───── Records for the exercise ─────
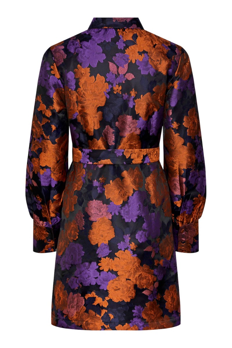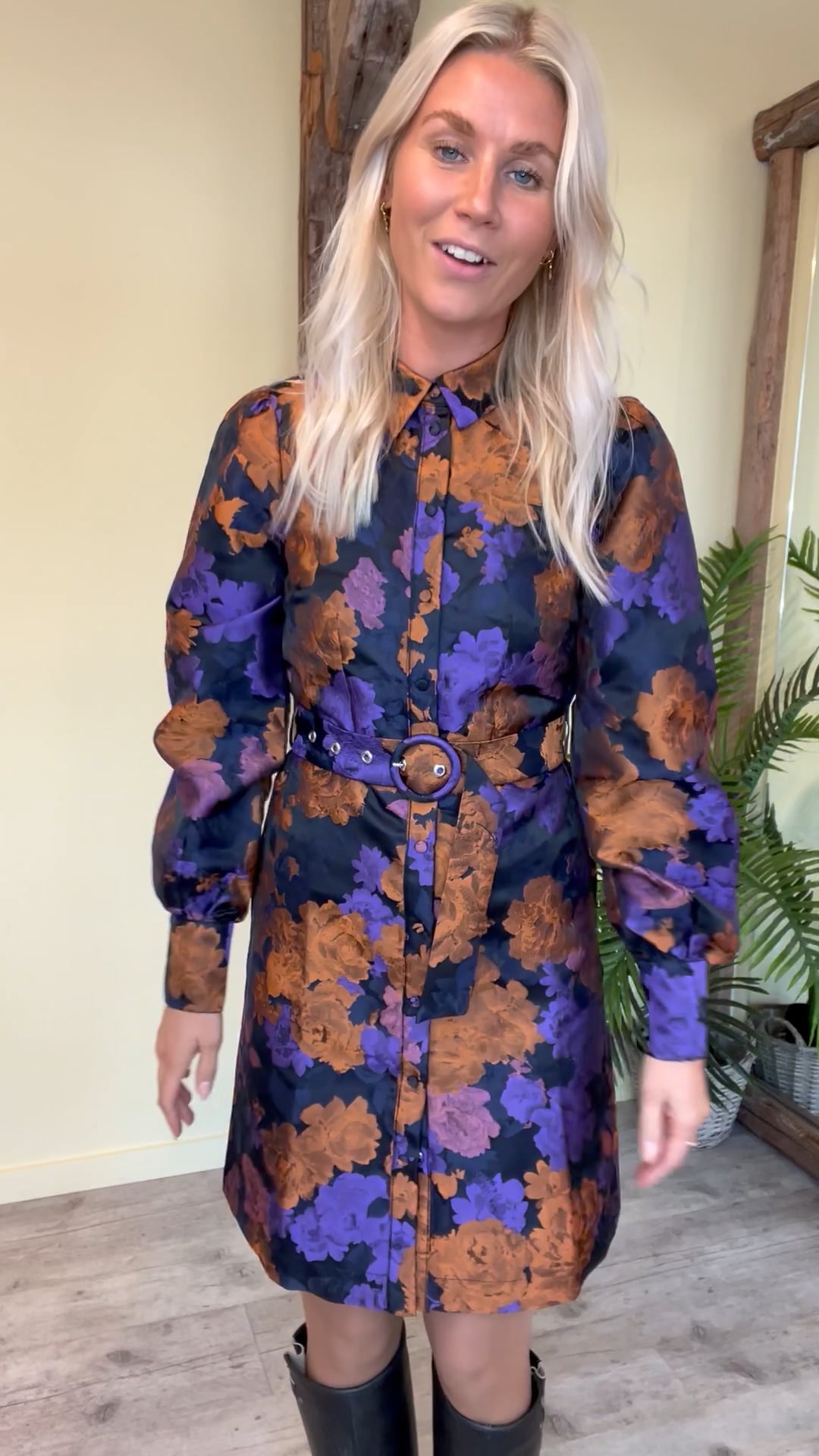 Wauw utrolig smuk og elegant blomsterkjole fra Y.A.S! En feminin kjole i et flot design med shineeffekt og blomsterprint i flotte efterårstoner. Kjolen har et knælangt snit med lange ærmer med knappelukning i bunden af ærmet. Foran er kjolen designet med knapper hele vejen ned, samt skjortekrave og bælte i taljen. Kjolen er så fin til efteråret og perfekt til alle dets fester!
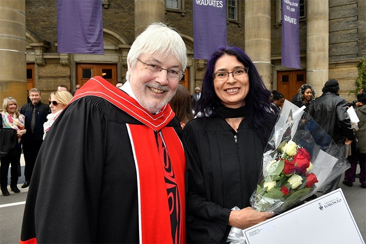 Julie Blair (right) with OISE dean Glen Jones (left) at fall convocation (photo by Gary Beechey, BDS Studios)
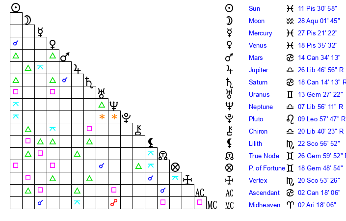 | Mercury | 27 Pisces 22 | 29 Pisces 0 | 16 Taurus 38 |
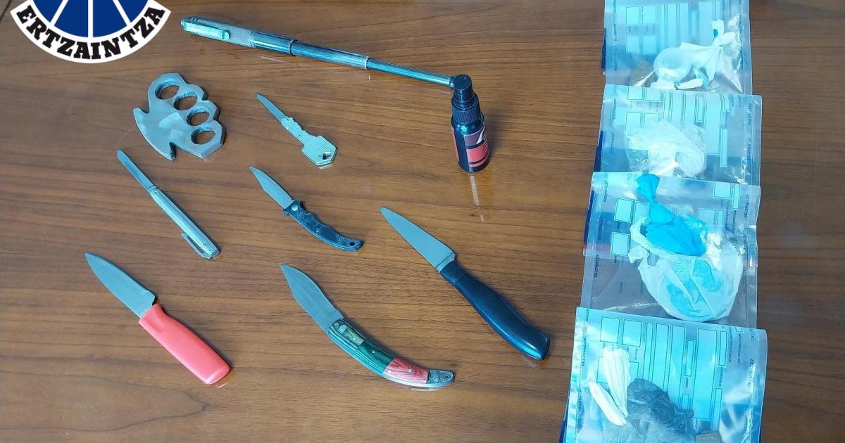 Estas intervenciones son fruto de las tareas preventivas que realiza la Ertzaintza dentro del plan de acción para el control de armas blancas y objetos peligrosos en lugares públicos.
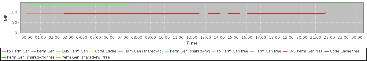 avg(PS Perm Gen) = 0.00 avg(Perm Gen) = 0.00 avg(CMS Perm Gen) = 138.36 avg(Code Cache) = 47.50 avg(Perm Gen [shared-ro]) = 0.00 avg(Perm Gen [shared-rw]) = 0.00 avg(PS Perm Gen free) = 0.00 avg(Perm Gen free) = 0.00 avg(CMS Perm Gen free) = 93.53 avg(Code Cache free) = 0.44 avg(Perm Gen [shared-ro] free) = 0.00 avg(Perm Gen [shared-rw] free) = 0.00
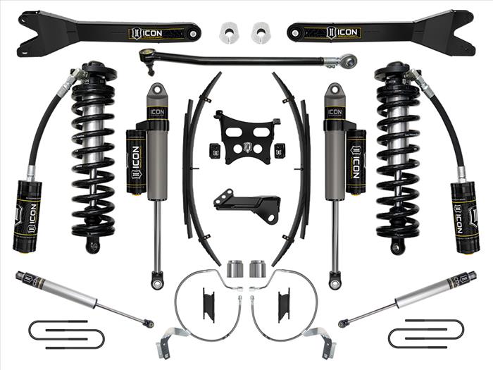 This ICON Vehicle Dynamics 4-5.5” coilover conversion system is a great way to lift your 4WD 2023 Ford F-250/F-350 Super Duty while drastically improving ride quality and performance and allowing fitment of larger, more aggressive wheel and tire combinations. This Stage 4 system is perfect for on-road and towing use, as well as job site duty, washboard gravel roads, and more aggressive off-road adventures.
─────
What to produce: Return the entries above in full and unchanged, omitting every image.

Answer space:
 Wauw utrolig smuk og elegant blomsterkjole fra Y.A.S! En feminin kjole i et flot design med shineeffekt og blomsterprint i flotte efterårstoner. Kjolen har et knælangt snit med lange ærmer med knappelukning i bunden af ærmet. Foran er kjolen designet med knapper hele vejen ned, samt skjortekrave og bælte i taljen. Kjolen er så fin til efteråret og perfekt til alle dets fester!
 Julie Blair (right) with OISE dean Glen Jones (left) at fall convocation (photo by Gary Beechey, BDS Studios)
 | Mercury | 27 Pisces 22 | 29 Pisces 0 | 16 Taurus 38 |
 Estas intervenciones son fruto de las tareas preventivas que realiza la Ertzaintza dentro del plan de acción para el control de armas blancas y objetos peligrosos en lugares públicos.
 avg(PS Perm Gen) = 0.00 avg(Perm Gen) = 0.00 avg(CMS Perm Gen) = 138.36 avg(Code Cache) = 47.50 avg(Perm Gen [shared-ro]) = 0.00 avg(Perm Gen [shared-rw]) = 0.00 avg(PS Perm Gen free) = 0.00 avg(Perm Gen free) = 0.00 avg(CMS Perm Gen free) = 93.53 avg(Code Cache free) = 0.44 avg(Perm Gen [shared-ro] free) = 0.00 avg(Perm Gen [shared-rw] free) = 0.00
 This ICON Vehicle Dynamics 4-5.5” coilover conversion system is a great way to lift your 4WD 2023 Ford F-250/F-350 Super Duty while drastically improving ride quality and performance and allowing fitment of larger, more aggressive wheel and tire combinations. This Stage 4 system is perfect for on-road and towing use, as well as job site duty, washboard gravel roads, and more aggressive off-road adventures.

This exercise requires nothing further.